Consider the main tasks that are solved during the automation of the PTZ camera control system:
As part of the patrol function, the PTZ camera cyclically “bypasses” the observation preset set by the operator, stops at each position for a predetermined time and broadcasts the video with the selected zoom. This function is standard and is built into almost all models of dome PTZ cameras. The advantage of patrolling on assumptions is the ability to cover a large area and get images in each position with good detail. The disadvantages of the function are the presence of a blind zone in all positions except the current one and a constant change in the background of the scene, which complicates the analysis of the video by the analyst and the operator. In patrol mode, it is difficult to recognize slow scene changes over a short interval while the camera is in each position. If the operator directs the camera to a certain position, then the events occurring in other positions,
These shortcomings can be eliminated by installing panoramic fixed cameras that completely cover the protected area. Then the PTZ camera is used exclusively for obtaining a detailed image of targets detected with the help of surveillance cameras. The service life of the PTZ camera is also increased due to the fact that its mechanical load is reduced.
The sources of signal for automatic target selection can be: a) a surveillance fixed camera used in parallel with the dome; b) the dome camera in patrol mode; c) other sensors, for example, radio wave or vibration sensors of the perimeter system. The video signal from a television or thermal imaging camera is processed by video analytics, which detects targets and determines their location for pointing a PTZ camera without operator intervention. An example of installation, the data approach implemented is presented in Fig. 1. If several surveillance cameras with overlapping coverage areas are used, then multi-channel (multi-camera) video analytics is desirable. Especially important is multi-channel video analytics with frequent targets. Repeated target detection by each camera will lead to inefficient use of PTZ cameras and tracking failures, which will complicate retrospective analysis of the archive.

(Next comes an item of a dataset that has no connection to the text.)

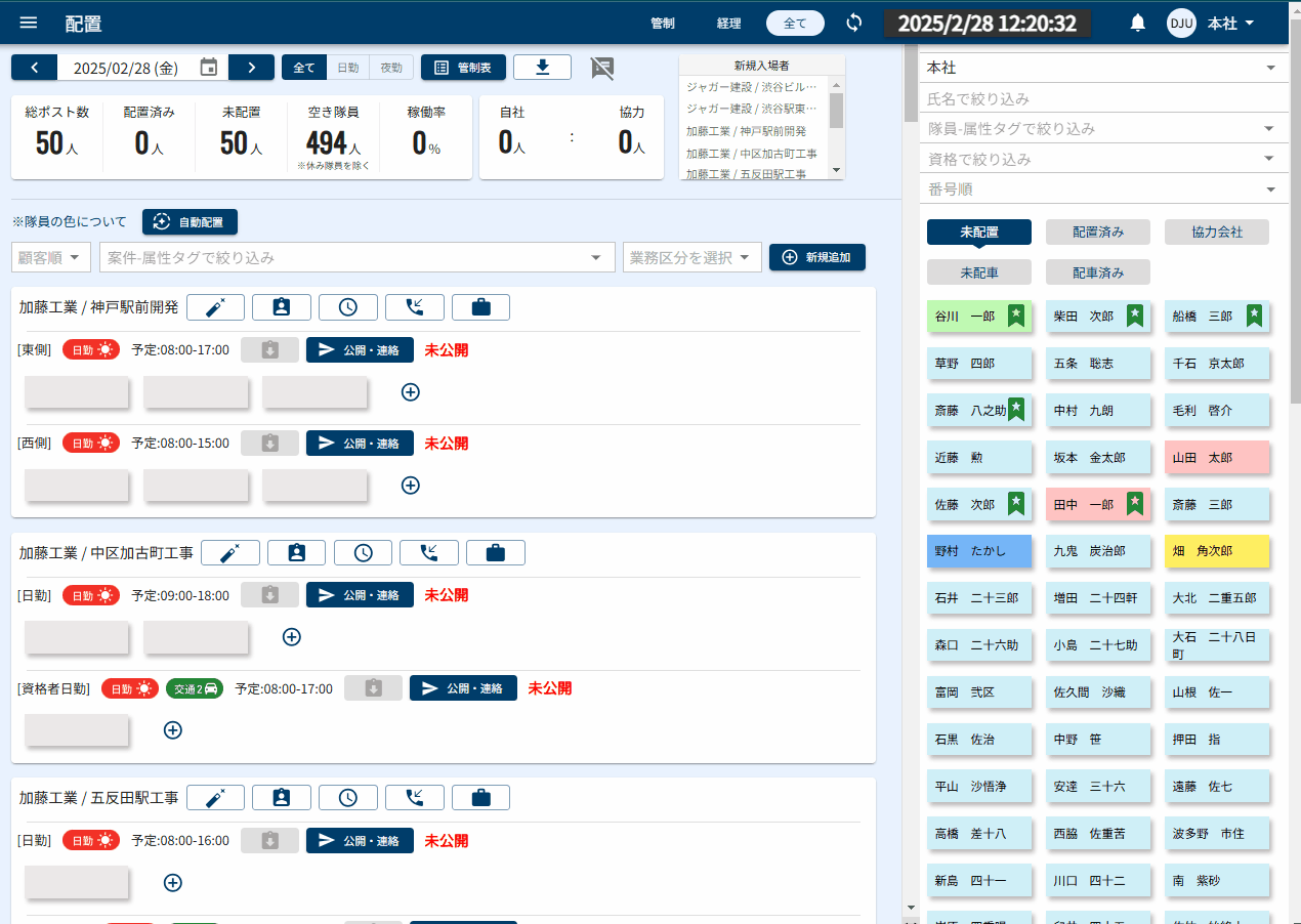 ・自動配置の条件設定:労働時間、不仲関係、出禁リスト、スキル要件、経験値などを事前に設定

In the case when several targets are in the field of view of the surveillance system and the number of PTZ cameras is limited, it is necessary to distribute tasks between PTZ cameras in the optimal way in terms of their importance. The algorithm can calculate the priority of the target taking into account several criteria, such as: a) the location of the target (proximity to the guarded line or the most important object); b) the tracking time for the object (for example, each target can be accompanied by a PTZ camera for at least 10 seconds, after which it is possible to switch to another target); c) the classification of human behavior (for example, the behavior of "loitering in the zone" may have a higher priority than "entering the zone"). All found targets are put in a prioritized queue for subsequent processing by an intelligent video surveillance system.
The algorithm should pick targets from the prioritized queue in order of importance and distribute the targets between the available PTZ cameras, taking into account the relative positions of the targets and the available cameras. An operator may interfere with the operation of the algorithm, giving commands to the PTZ camera using the joystick or software interface (Fig. 4). In this case, the algorithm should use other PTZ cameras to track targets that were left unattended by the operator. On complex objects, it is necessary to use three-dimensional models of the protected object and camera coverage areas .
In the simplest case, the guidance algorithm can be implemented using a multi-zone motion detector for the surveillance camera: the frame is divided into many zones, each of which is associated with PTZ camera prepositions. When the motion detector in the zone is triggered (Fig. 2), the PTZ camera is transferred to the corresponding presumption (Fig. 4). The more zones are set during setup, the greater the magnification can be obtained on the PTZ camera. The disadvantage of this approach is unstable operation in the presence of several targets and limitations in the accuracy of guidance associated with the selected assumptions of the PTZ camera.
In an object with a large observation space and a large number of cameras, it is recommended that the coordinates of the survey camera be converted into the coordinate system of the PTZ camera without dividing frames into zones (Fig. 3.4).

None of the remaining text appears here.